Grupo de risco e economia

Além de dar despesa para o Estado, para que serve um velho?

Cena: consultório médico.

Conversa entre médico e paciente do grupo de risco. Paciente entra curvado e andando com dificuldade. Segue o diálogo:

– Bom dia, Doutor.

– Bom dia, Sr. Sente-se, por gentileza. Preciso fazer sua ficha antes de começar a consulta, OK? Nome completo e idade, por favor?

– Pois não. Meu nome é João Ribeiro da Silva. E tenho 89 anos, o Sr. me desculpe.

– Desculpas por quê?

– Farei 90 anos em breve. Fico muito incomodado e constrangido por isso. Não gosto de revelar minha idade.

– Vaidoso o Sr, não ? – disse o médico ironicamente.

– Não, doutor. Não é por vaidade não. Fico constrangido porque descobri que dou muito prejuízo para o Brasil.  Para a economia.

– Como assim?  O Sr. deveria estar feliz! Disposto e com saúde, pelo que posso perceber. Quem lhe disse essa história de prejuízo?

– Um Ministro de Estado disse isso outro dia. Vi na TV. Fiquei arrasado. Essa saúde toda, que vergonha! Sabe, eu até menti a minha idade quando falei com a atendente lá fora. Para que ninguém me olhasse com olhos enviesados e a moça  não me atendesse com má vontade. Sei que os médicos não podem ficar perdendo tempo comigo. Há tantos jovens pra cuidar, não é mesmo? Sei que prejudico muita gente.

– Não diga isso. O Sr. tem direito. Não trabalhou a vida toda, não pagou seus impostos?

– Claro, doutor. Trabalhei mais de 40 anos e contribuí para a Previdência Social. Mas todo mundo diz que se eu viver muito a previdência quebra… Não posso quebrar a previdência. É por isso que fiz tudo direitinho. Tudo.

– Direitinho como? Perguntou o médico, interessado.

– Ah, Doutor. Segui todas as recomendações do governo. Todos os exemplos. Andei por aí sem máscara, caminhei em meio a multidões, fiz visitas a amigos e parentes,  compareci a várias festas dançantes para idosos, fui às compras e participei de bingos e dos festejos familiares no final do ano. Frequentei praias. Tomei cafezinho em padarias.  Andei até de motocicleta sem capacete. Tudo durante a pandemia.

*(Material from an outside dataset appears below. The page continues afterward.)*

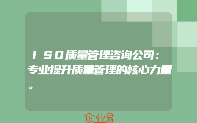 - ISO质量管理咨询公司:专业提升质量管理的核心力量。

– Meu Deus! Que perigo. E a covid?

– Pois é . Eu peguei. Fui infectado. Logo depois dos festejos do Carnaval de rua.  Mas sobrevivi. Veja que desgraça!

– Desgraça??? Perguntou o médico, incrédulo.

–  Claro. Gastei recursos públicos! Precisei de internação, oxigênio, remédios, um horror.

–  Pelo menos tomou vacina? O Sr. é do grupo de risco.

– Não, claro que não. Já disse ao senhor que segui todas as recomendações do governo.

– Entendo, disse o médico (sem compreender nada).

– Mas agora não entendo mais nada, lamentou o idoso.

– Não entende o quê?

– Depois de mais de um ano de pandemia e 400 mil mortos, o governo agora está fazendo propaganda para eu usar máscara! Vi até o Zé Gotinha de máscara. É bem verdade que o Zé Gotinha é jovem…  E também não tinha nenhum velhinho na propaganda.

– Não é que o Sr. tem razão? Não vi nenhum velhinho mesmo na propaganda. Que interessante… – disse o médico. Mas o importante é que o Sr. está aqui, firme e forte.

– Sim, infelizmente. Mas se Deus quiser, por pouco tempo.  O Sr.  acredita que eu até tentei colaborar com o governo de outra forma?

– É mesmo? De que forma? – indagou o médico, com sincero interesse.

–  Aproveitei as facilidades atuais e comprei uma arma. Para autodefesa. Vi na TV também que era importante para acabar com a violência.

– E o Sr. sabe manusear uma arma?

–  Não sei, não senhor.  Mas precisava ajudar a acabar com a violência. E foi um tiro no pé. Aliás, é por isso que estou aqui.

– Como assim?

– O tiro no pé. Meu pé. Atirei nele sem querer. Mas não me arrependo de ter comprado a arma.

– Não?????

– Não. Podem até reclamar que dou muita despesa para o Estado. Mas ninguém vai me chamar de maricas. Isso eu não aceito!